Philip Seymour Hoffman on Law & Order (February 5, 1991)

"Is he saying we did it? That's a load!" - Steven Hanauer (Philip Seymour Hoffman), reacting to a police officer's assertion that his drug dealer boss has implicated him in a rape, in "The Violence of Summer,"the fourteenth episode of the first season of NBC's "Law & Order," which originally aired on February 5, 1991).

A decade and a half before he would win an Oscar for playing Truman Capote, a 23 year old Philip Seymour Hoffman earned his first television credit - indeed, his first credit of any kind, according to the Internet Movie Database, playing a low level drug dealer on "Law & Order."

The episode begins with Hanauer, Hoffman's character, on trial for the gang rape of celebrity journalist Monica Devries (played by Megan Gallagher, who would later play Catherine Black on "Millenium" and Jillian Wallace on "24"). Hanauer's co-defendant is the equally unsavory Howard Metzler (played by Gil Bellows, who would go on to play Billy Allen Thomas, the love interest of Calista Flockhart's title character on "Ally McBeal").


Hanauer and Metzler receive good news when they learn that the charges pending against them are to be dismissed due to a lack of evidence. There is no physical evidence which link them to the crime, and the memory of the traumatized rape victim is shaky under the circumstances. By taking her to a hypnotherapist, the authorities learn that Hanauer, Metzler, and third offender who is now cooperating with police were not the only offenders. Indeed, the ring leader, Tim Pruiting (Al Shannon), had eluded capture, and even identification. Ultimately, the two detectives, Mike Logan (Chris Noth) and Max Greevey (George Dzundza) pit the perpetrators against each other and trick Hanauer and Metzler into implicating themselves as participants in the rape. Once the new inculpatory evidence comes to light, their lawyer, Louis Taggert (played by Samuel L. Jackson) accepts his clients' fate. The episode closes by noting their conviction and ultimate incarceration.
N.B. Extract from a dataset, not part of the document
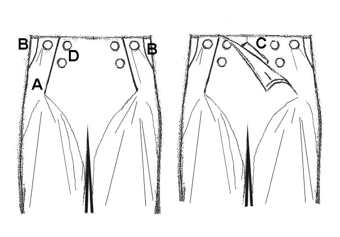 to the suspender end on the back, for comfort and a better fit. (based on a

The episode offers a strange bit of trivia. Philip Seymour Hoffman is actually credited in the episode as Philip Hoffman, while the hypnotherapist, played by a different actor with the same name, is credited as Phil Hoffman (but as Philip Hoffman in IMDB).

1 comment:

Sabina E. said...

HAHAHAHA!!! LOVE IT

lmao... there's so many "before they were REALLY famous" actors on L&O...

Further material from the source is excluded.